Non-verbal Hands-free Control for Smart Glasses using Teeth Clicks
Payal Mohapatra, Ali Aroudi, Anurag Kumar, Morteza Khaleghimeybodi
TL;DR
This paper addresses discreet, hands-free control for smart glasses by detecting two teeth-click patterns from nose-pad accelerometer signals. It introduces STEALTHsense, a lightweight temporal-broadcasting neural network with approximately $88\mathrm{K}$ parameters and $7.14\mathrm{M}$ MMAC, trained on a dataset of 21 participants to achieve a cross-subject balanced accuracy of $0.93$ under noisy conditions. The approach uses a tailored data augmentation, a 41-feature time-frequency representation, and a robust on-device inference pipeline, demonstrating strong performance and real-time feasibility. Field tests report positive user adoption and perceived accuracy, highlighting the practical potential for unobtrusive interaction in AR glasses. Overall, the work delivers a compact, noise-robust solution for non-verbal human-computer interaction with smart glasses and outlines clear paths for personalization and broader usability.
Abstract
Smart glasses are emerging as a popular wearable computing platform potentially revolutionizing the next generation of human-computer interaction. The widespread adoption of smart glasses has created a pressing need for discreet and hands-free control methods. Traditional input techniques, such as voice commands or tactile gestures, can be intrusive and non-discreet.

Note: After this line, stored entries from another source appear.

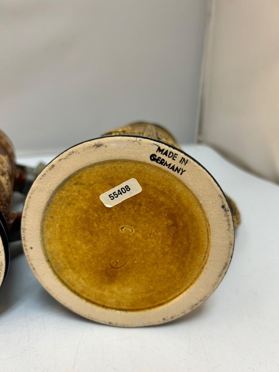Set of Three Brown Monotone Lidded German Beer Steins. In good condition.
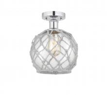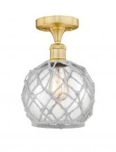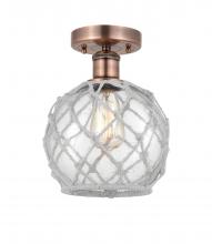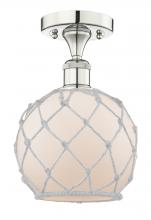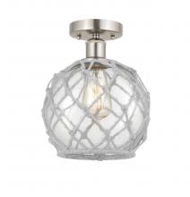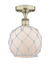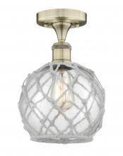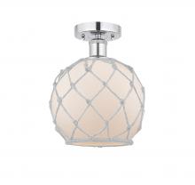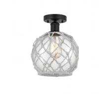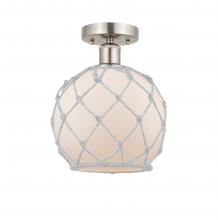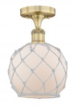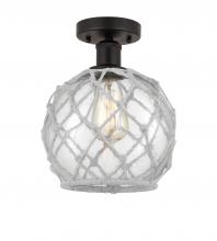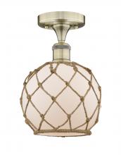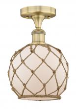 Farmhouse Rope - 1 Light - 8 inch - Matte Black - White Glass with Brown Rope Shade - Semi-Flush Mount
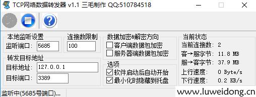 在网上找了个TCP网络端口转发器,监听端口填:5685,目标地址填:127.0.0.1,由于设置了服务器本地安全策略,监听只能填写127.0.0.1,改为服务器内网IP是不成功的。端口:3389.如图:
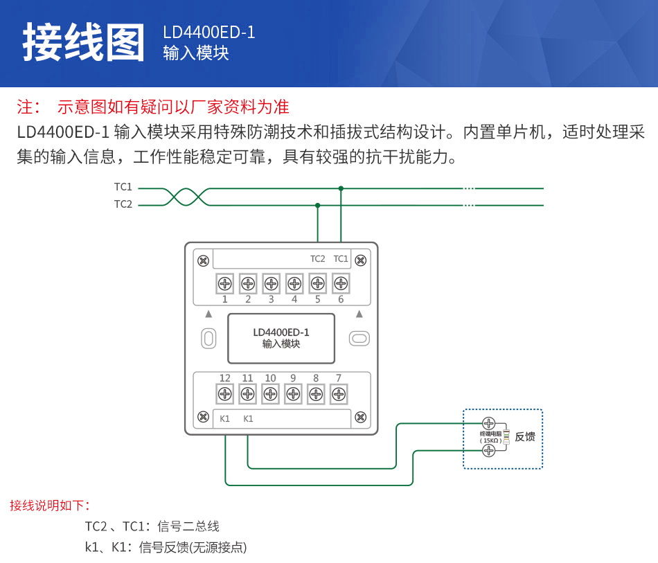 1、二總線,無極性。 2、LD4400ED-1輸入模塊采用電子編碼,占一個節(jié)點地址(0~255)。 3、單色指示燈顯示動作信息。 4、可接收一路無源開關(guān)接點信號。 5、LD4400ED-1輸入模塊可檢測無源開關(guān)接點線路斷線故障。 6、可替代利達的LD4400E-1輸入模塊。
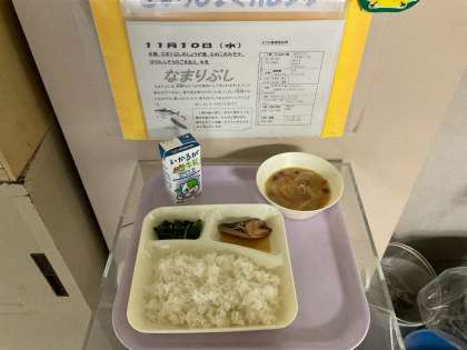 なまりぶしのしょうが煮 ほうれんそうのごまあえ ごはん なめこのみそ汁 牛乳
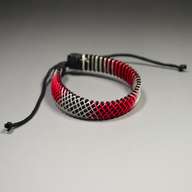 人工革の側面にある歯車の歯のような凸凹に色がついた糸をかけて、クロス模様が描かれたブレスレットです。
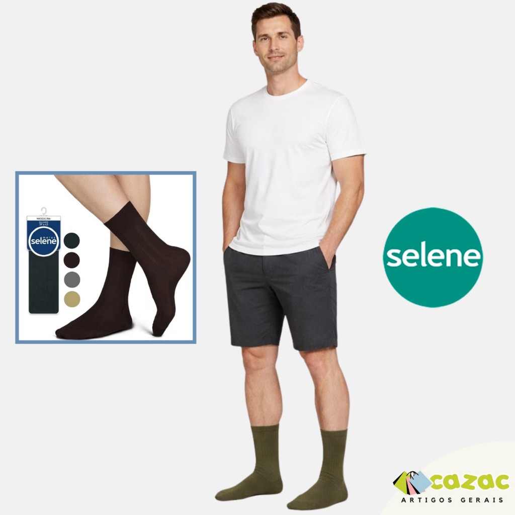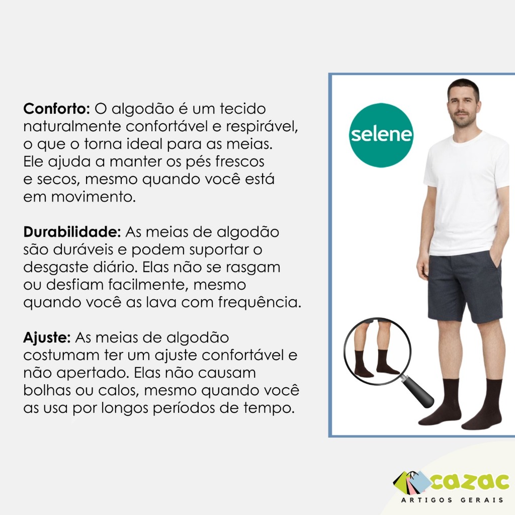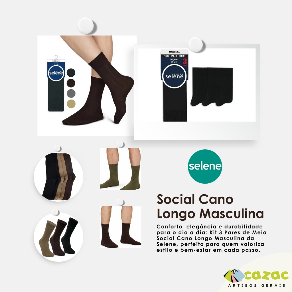 Kit 3 Pares Meia Selene Cano Longo Masculina Lisas Algodão Original Premium 39 ao 43
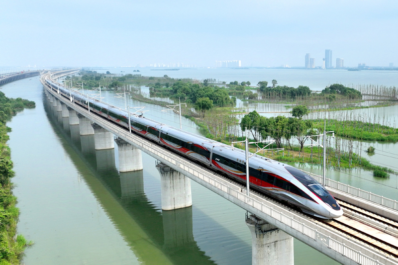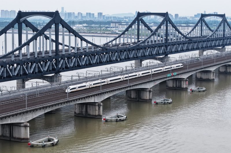 6月30日,一列動車組列車經過武漢天興洲大橋延長線(無人機照片)。
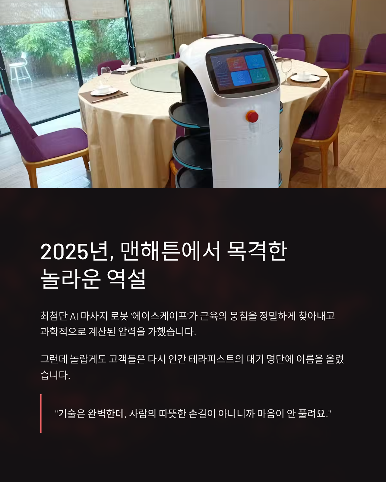 2025년 봄, 저는 맨해튼에서 충격적인 장면을 목격했습니다. 최첨단 AI 마사지 로봇 '에이스케이프'가 설치된 프리미엄 헬스클럽에서 벌어진 일이었죠. 로봇의 정밀한 센서가 근육의 뭉침을 완벽하게 찾아내고, 과학적으로 계산된 압력을 가했습니다. 그런데 놀랍게도 고객들은 다시 인간 테라피스트의 대기 명단에 이름을 올렸습니다. 한 회원의 말이 인상적이었습니다. "기술은 완벽한데, 사람의 따뜻한 손길이 아니니까 마음이 안 풀려요."
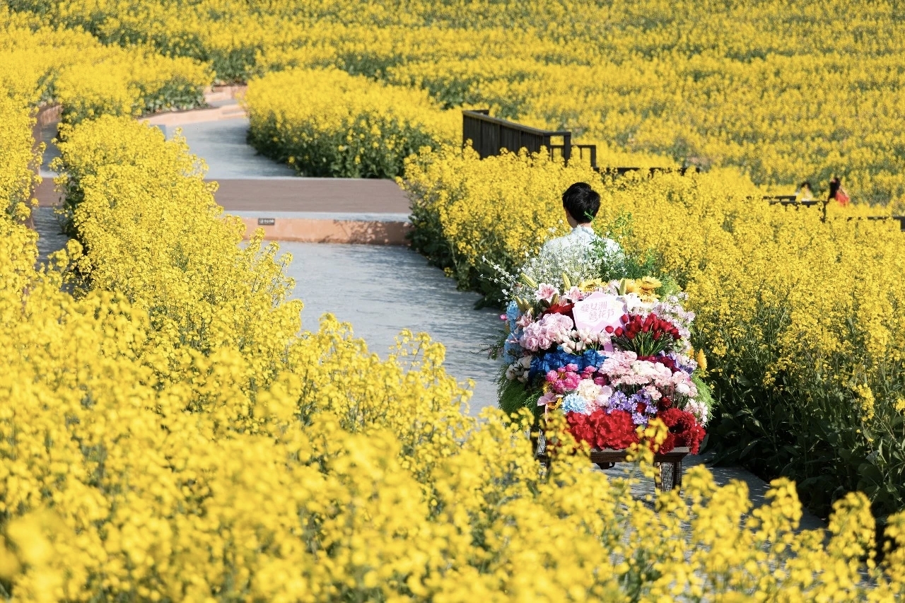 除了萌趣十足的人偶巡游,婺女洲的三月被金色油菜花所装点。层层叠叠的梯田上,油菜花如金色的海洋般铺展,与白墙黛瓦民居交相辉映,构成一幅绝美的江南春景图。游客乘摇橹船,穿梭于花海与水巷之间,感受“舟行碧波上,人在画中游”的诗意。夜幕降临,璀璨的烟花在抱玉塔上空绽放,将春夜的浪漫推向高潮。
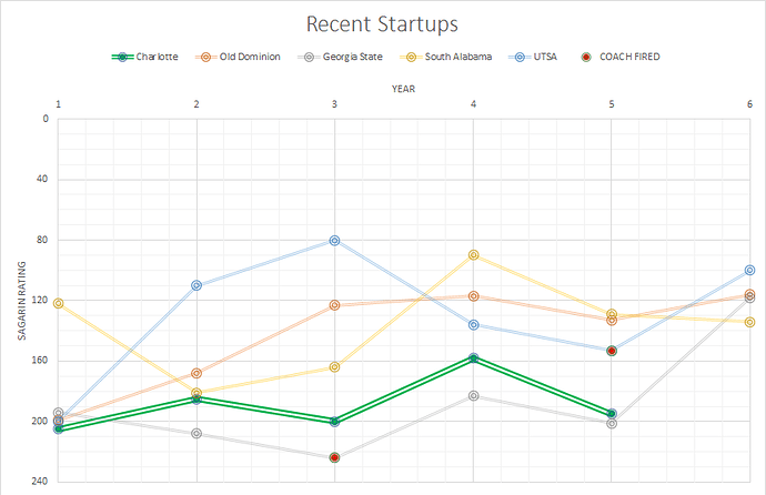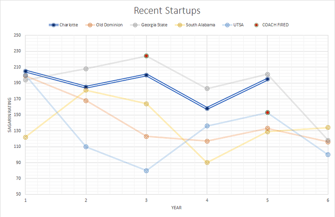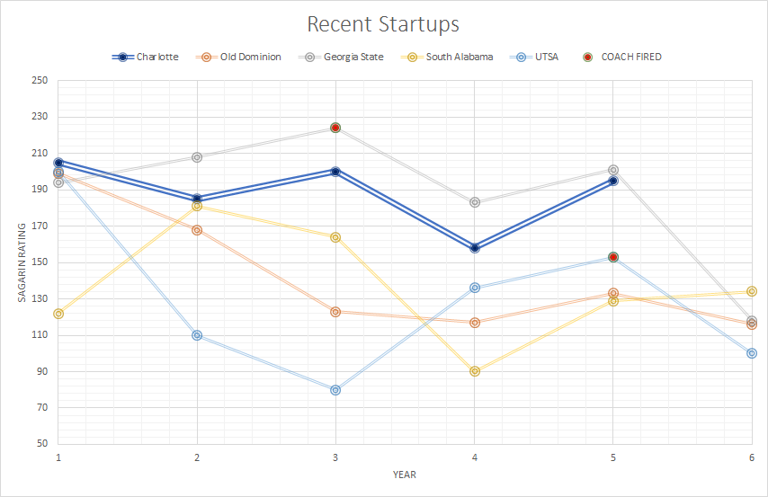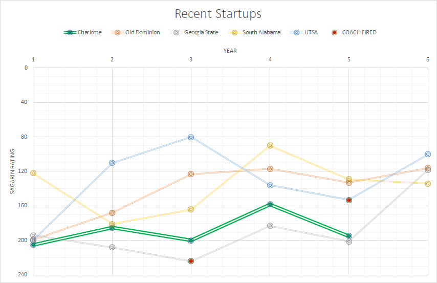 Interesting that all 5 programs regressed in Year 5. One fired their coach over it. Charlotte had the sharpest regression.
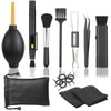 - (Set Contents) 10-piece set: 8-piece cleaning tools convenient for cleaning camera lenses: 1 x dual use keyboard button extracting tool, 2 x air blower, 3 x liquid spray bottle (cleaner fluid sold separately), 4 x tweezers, 5 x lens brush, 6 x dust brush, 7 x microfiber cleaning cloth, 85 x drawing tools, 9 x folding brush, storage bag
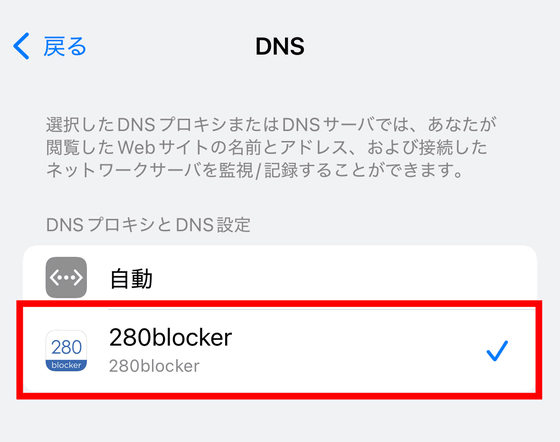 「280blocker」をタップして青いチェックマークが付いたら設定完了。
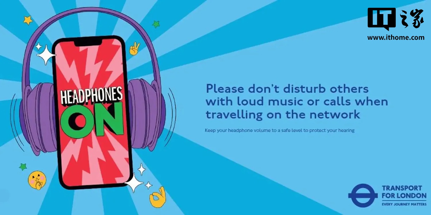 IT之家 8 月 28 日消息,有些道理本应显而易见,比如“在公共交通上用手机听音乐或看视频时,记得戴耳机”。但常坐公共交通工具的人都知道,现实并非如此。如今,伦敦已决定采取行动,通过一场公益宣传活动来改善这一问题。
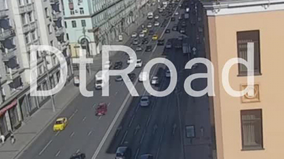 В центре Москвы на 2-й Тверской-Ямской улице автомобиль сбил человека, который переезжал дорогу на велосипеде. Видеозапись случившегося публикует столичный Дептранс в Telegram-канале.
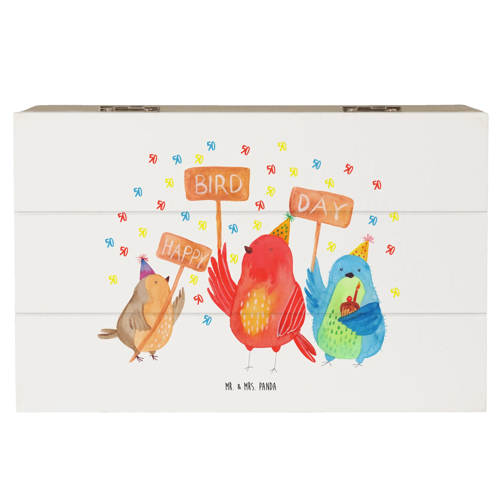 Entdecke die perfekte Holzkiste von Mr. & Mrs. Panda für den 50. Geburtstag! Diese wunderschöne Schatzkiste mit dem fröhlichen Motiv "Happy Bird Day" ist ein ganz besonderes Geschenk für jeden, der seinen Ehrentag feiert.

Additionally, voice-based control may not function well in noisy acoustic conditions. We propose a novel, discreet, non-verbal, and non-tactile approach to controlling smart glasses through subtle vibrations on the skin induced by teeth clicking. We demonstrate that these vibrations can be sensed by accelerometers embedded in the glasses with a low-footprint predictive model. Our proposed method, called STEALTHsense, utilizes a temporal broadcasting-based neural network architecture with just 88K trainable parameters and 7.14M Multiply and Accumulate (MMAC) per inference unit. We benchmark our proposed STEALTHsense against state-of-the-art deep learning approaches and traditional low-footprint machine learning approaches. We conducted a study across 21 participants to collect representative samples for two distinct teeth-clicking patterns and many non-patterns for robust training of STEALTHsense, achieving an average cross-person accuracy of 0.93. Field testing confirmed its effectiveness, even in noisy conditions, underscoring STEALTHsense's potential for real-world applications, offering a promising solution for smart glasses interaction.